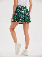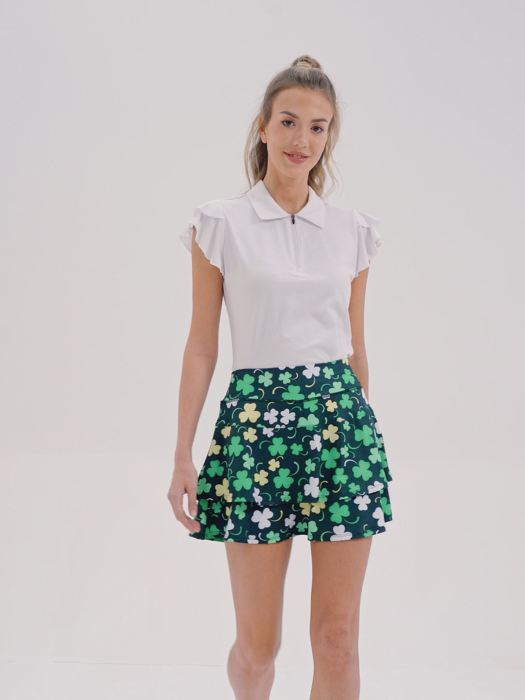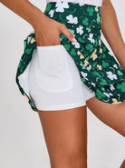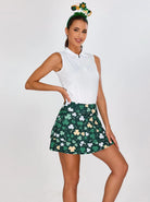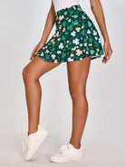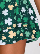 Make a statement this St. Patrick's Day with our Green Clover 17" Double Layer Active Skort for Women. Keep your essentials within reach with the inner shorts pocket and enjoy optimal comfort thanks to the built-in shorts and flat-wide waistband. Perfect for any active occasion, this skort comes in a fun green, yellow, and white clover print that will make you stand out in style.
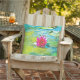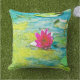 Un nénuphar fuchsia au feuillage vert citron dans une eau turquoise.
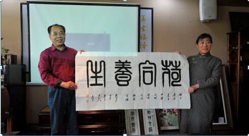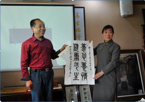 徐州市文化藝術(shù)交流協(xié)會書畫專業(yè)委員會主任王桂才(左)向合荷養(yǎng)生會所贈送書法作品
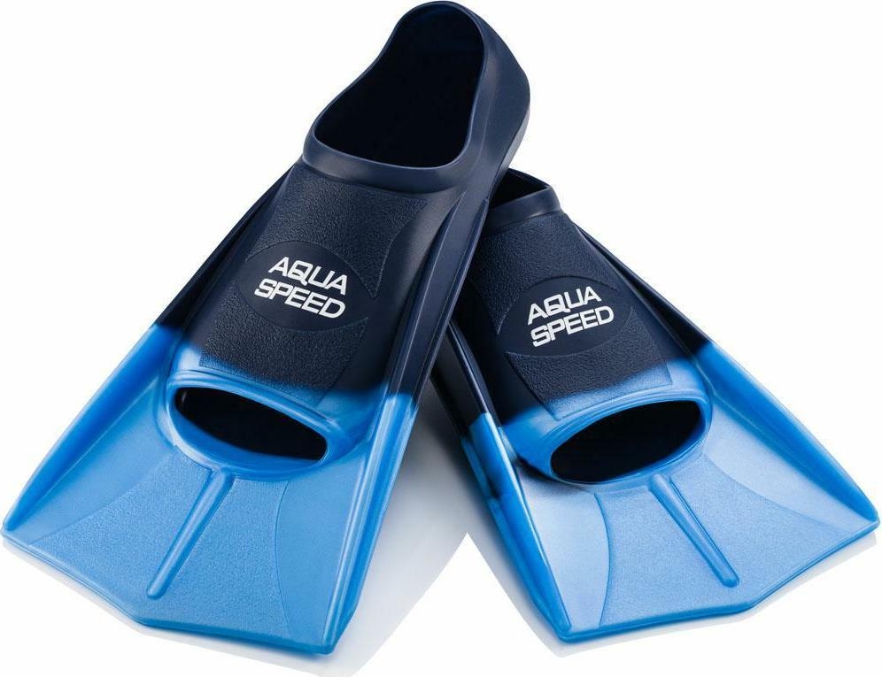 Short training fins made of highest quality soft and very flexible silicone material.  Aquaspeed training fins are perfect for all those who intend to improve their swimming technique, lower body strength and durability. Thanks to their design, they allow the swimmer to exercise leg movement very similar to the leg movement performed without any fins. Special reinforcing elements on the sides of the fins which begin at the foot pocket, apart from providing extra durability of the fins, channel water along the blades and reduce vibrations generated by the water flowing along the fins.  Aquaspeed traning fins greatly improve the efficiency of the legwork by providing greater thrust and by concentrating more energy on the legs, thus strengthening them.  Aquaspeed traning fins are perfect for schools, swim clubs and for individual customers who aim to improve their swimming technique and leg strength in their free time at a simming pool.
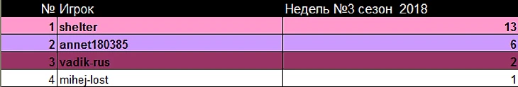 И посмотрим на таблицу, которая показывает количество недель пребывания на 3 месте в сезоне 2018.
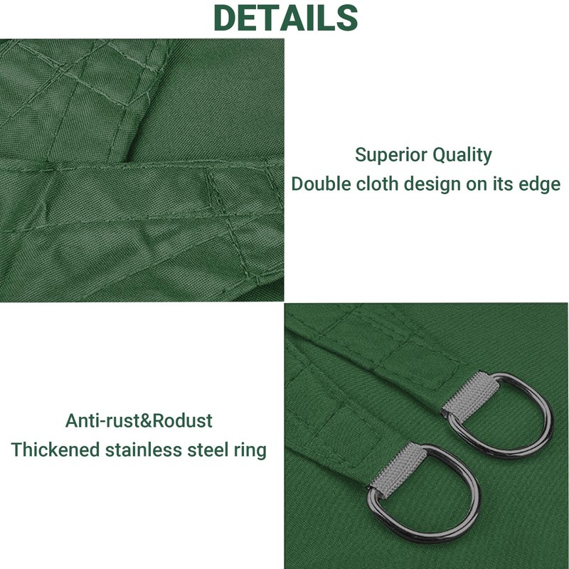 - 【UV Block & Waterproof】This shade sail is made of polyester material with PU waterproof coating, effectively block 95% of UV rays,You can also be used on rainy days.
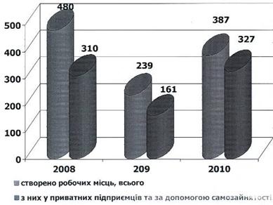 Рисунок 3.3 Динаміка створення робочих місць району Таблиця 3.1 Картка перспективної потреби підприємств у робочій силі на лютий 2011 року
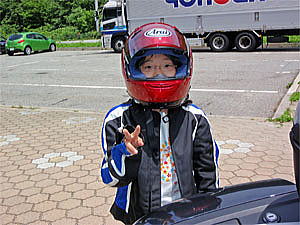 おそばを食べ終わり、バイクのところまで戻るとアンテナの先に赤トンボがとまっていた。ひかりは怖くてトンボが触れないのに何故か目を回そうとする。(^^;)
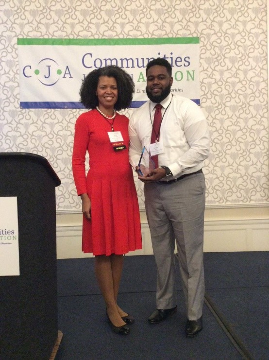 This is a membership nominated award where CJA members recognize a leader who has broad influence on theory, policy, and/or practice addressing health disparities and improving health outcomes. The awardee can be a CJA member or non-member. The award recipient will be invited to share their experience with the national membership on a webinar with a goal of increasing community level influence. The purpose of this award is to demonstrate the power of community level impact and dedication to social justice through the use of data, cultural competency, governance, and leadership.
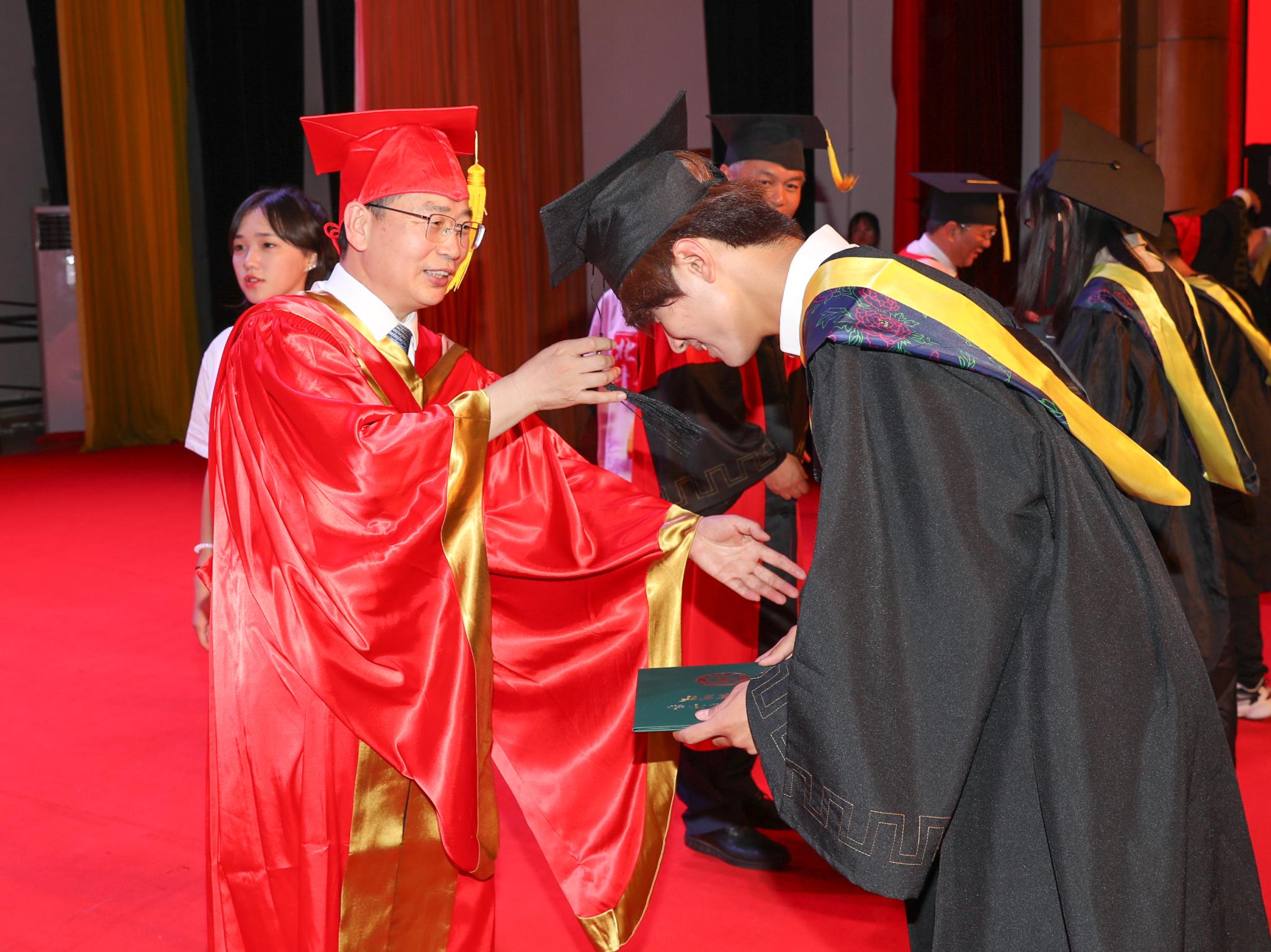 校领导为优秀毕业生代表颁发荣誉证书,希望同学们立强国兴农大志向,做挺膺担当奋斗者,在绘就强国建设和民族复兴的壮美画卷中绽放青春光彩、书写人生华章。
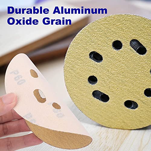 Platinumedge - Dischi abrasivi a 8 fori, 120 mm, grana assortita, per levigatrice orbitale casuale, grana 60/80/100/120/150/220, grana assortita, confezione da 120
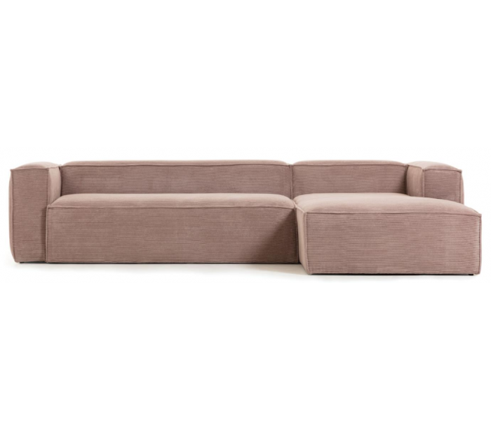 Chaiselong sofa udført i et moderne skandinavisk design fra LaForma. Sofaen er fremstillet i pink ripcurl velour og måler 330 x 174 cm i bredde og dybde - denne model er højrevendt. Modulerne forbindes til hinanden via klammer.
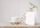 Makijaż biały zaproszenie karty, książki i piękne kwiaty klerodendron kiwnięcia w nowoczesnym wazonie zestaw na betonowym stole z białym tle drewna, kartka z życzeniami w miękkim tonie martwa natura
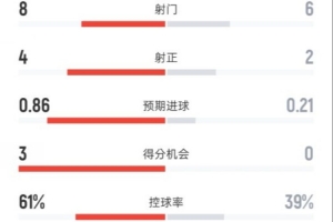 利物浦半场2-1纽卡数据:射门8-6,射正4-2,控球率61%-39%

========================================================================

# What the exercise asks:
When you reach the line that contains "Platinumedge - Dischi", start copying the listing word for word and stop only after its last line, without any pictures.

# Result of the task:
 Platinumedge - Dischi abrasivi a 8 fori, 120 mm, grana assortita, per levigatrice orbitale casuale, grana 60/80/100/120/150/220, grana assortita, confezione da 120
 Chaiselong sofa udført i et moderne skandinavisk design fra LaForma. Sofaen er fremstillet i pink ripcurl velour og måler 330 x 174 cm i bredde og dybde - denne model er højrevendt. Modulerne forbindes til hinanden via klammer.
 Makijaż biały zaproszenie karty, książki i piękne kwiaty klerodendron kiwnięcia w nowoczesnym wazonie zestaw na betonowym stole z białym tle drewna, kartka z życzeniami w miękkim tonie martwa natura
 利物浦半场2-1纽卡数据:射门8-6,射正4-2,控球率61%-39%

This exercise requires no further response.